— WORK INSTRUCTIONS —
Restate word for word the opening line of the data below and every line after it until the line with "现代切糕则铺满了各种有趣的坚果,变成一种营养价值高到震惊的滋补小零食。", that line too, but not the pictures.

— GIVEN INFORMATION —
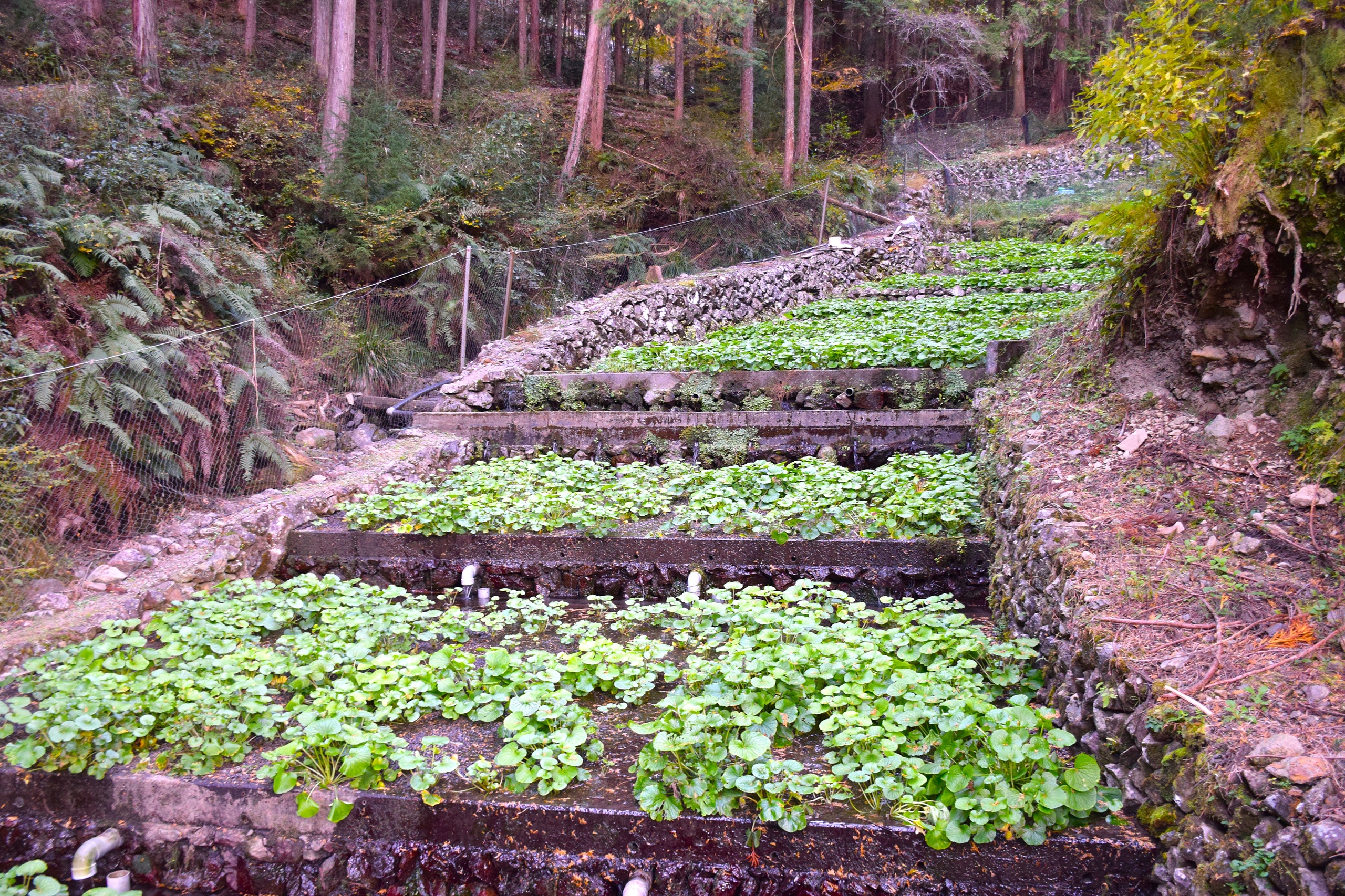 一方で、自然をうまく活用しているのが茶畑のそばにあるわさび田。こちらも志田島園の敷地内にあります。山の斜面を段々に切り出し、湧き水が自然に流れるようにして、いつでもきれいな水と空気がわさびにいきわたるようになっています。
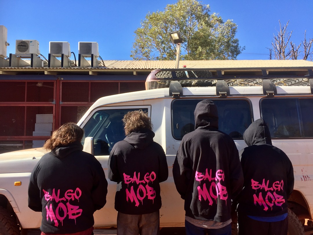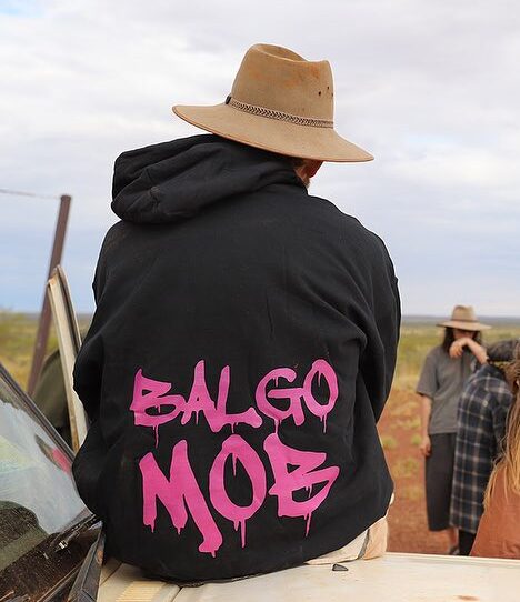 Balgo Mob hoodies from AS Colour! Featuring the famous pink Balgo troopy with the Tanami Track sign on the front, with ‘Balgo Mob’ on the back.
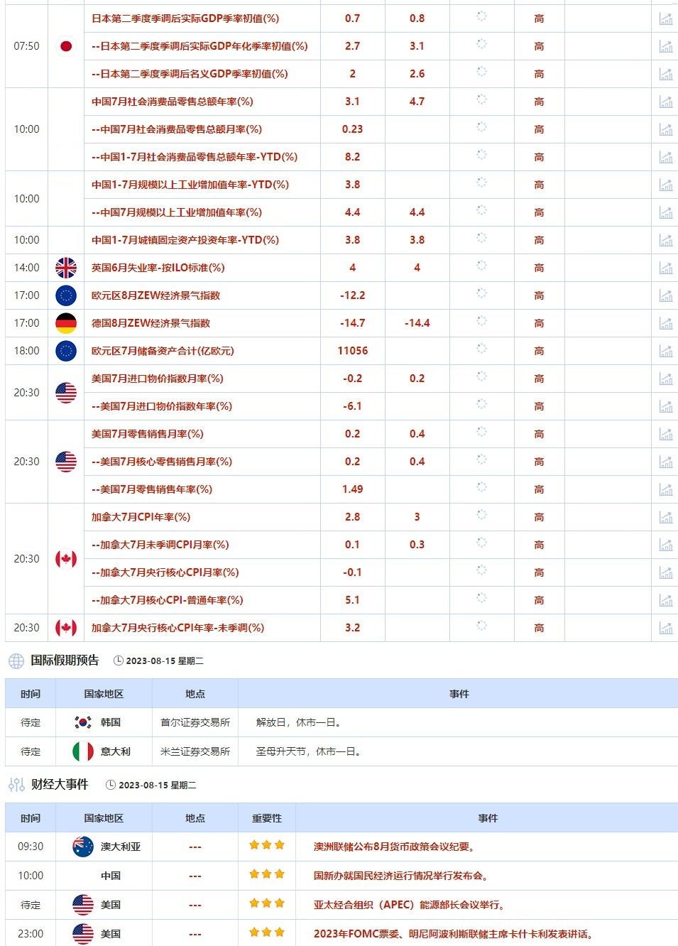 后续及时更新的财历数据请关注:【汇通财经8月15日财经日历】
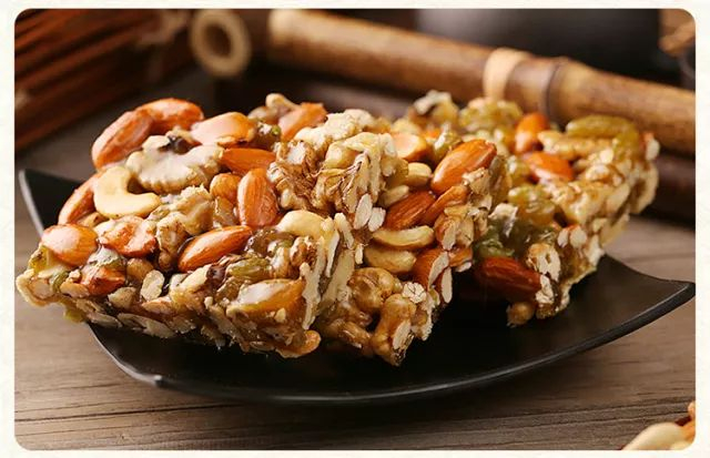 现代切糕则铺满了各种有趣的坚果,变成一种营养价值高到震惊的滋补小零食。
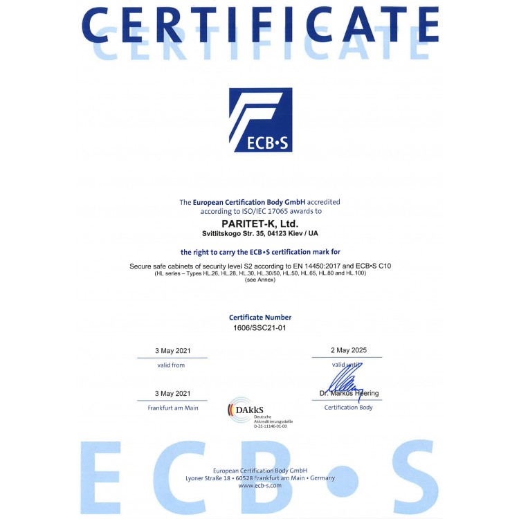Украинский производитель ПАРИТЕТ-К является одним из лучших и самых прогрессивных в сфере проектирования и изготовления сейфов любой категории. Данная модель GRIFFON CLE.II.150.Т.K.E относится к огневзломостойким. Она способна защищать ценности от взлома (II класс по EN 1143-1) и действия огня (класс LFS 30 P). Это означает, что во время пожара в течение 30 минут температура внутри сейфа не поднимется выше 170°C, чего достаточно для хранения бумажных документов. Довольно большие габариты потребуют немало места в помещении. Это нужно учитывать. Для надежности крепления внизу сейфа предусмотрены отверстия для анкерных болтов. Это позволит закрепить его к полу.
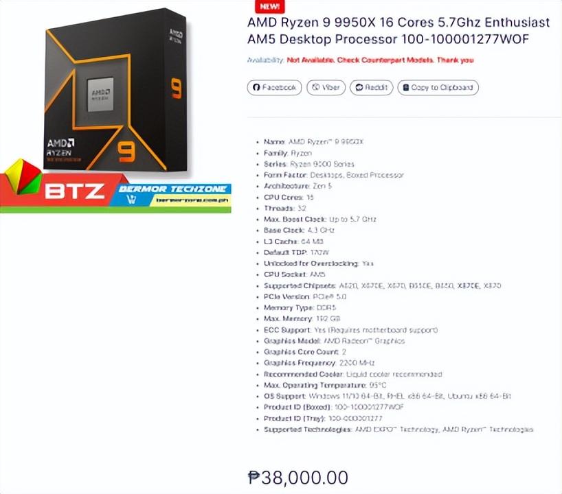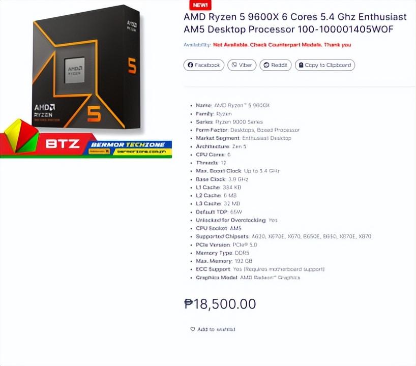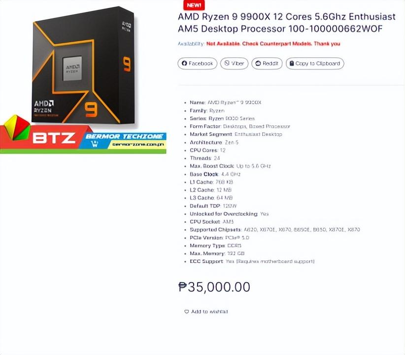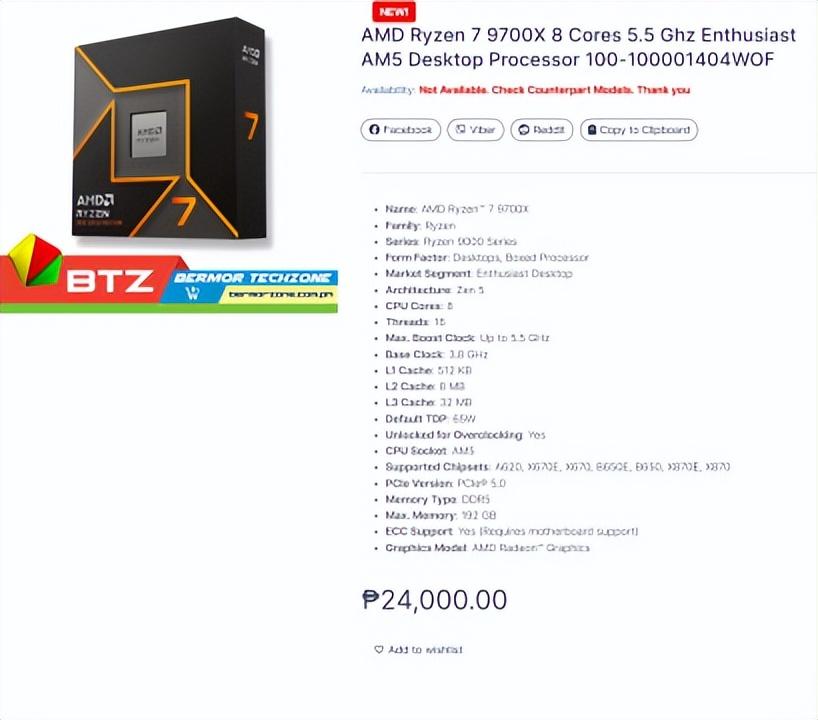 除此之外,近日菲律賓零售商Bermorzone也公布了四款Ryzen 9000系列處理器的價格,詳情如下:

— TASK OUTPUT —
 一方で、自然をうまく活用しているのが茶畑のそばにあるわさび田。こちらも志田島園の敷地内にあります。山の斜面を段々に切り出し、湧き水が自然に流れるようにして、いつでもきれいな水と空気がわさびにいきわたるようになっています。
 Balgo Mob hoodies from AS Colour! Featuring the famous pink Balgo troopy with the Tanami Track sign on the front, with ‘Balgo Mob’ on the back.
 后续及时更新的财历数据请关注:【汇通财经8月15日财经日历】
 现代切糕则铺满了各种有趣的坚果,变成一种营养价值高到震惊的滋补小零食。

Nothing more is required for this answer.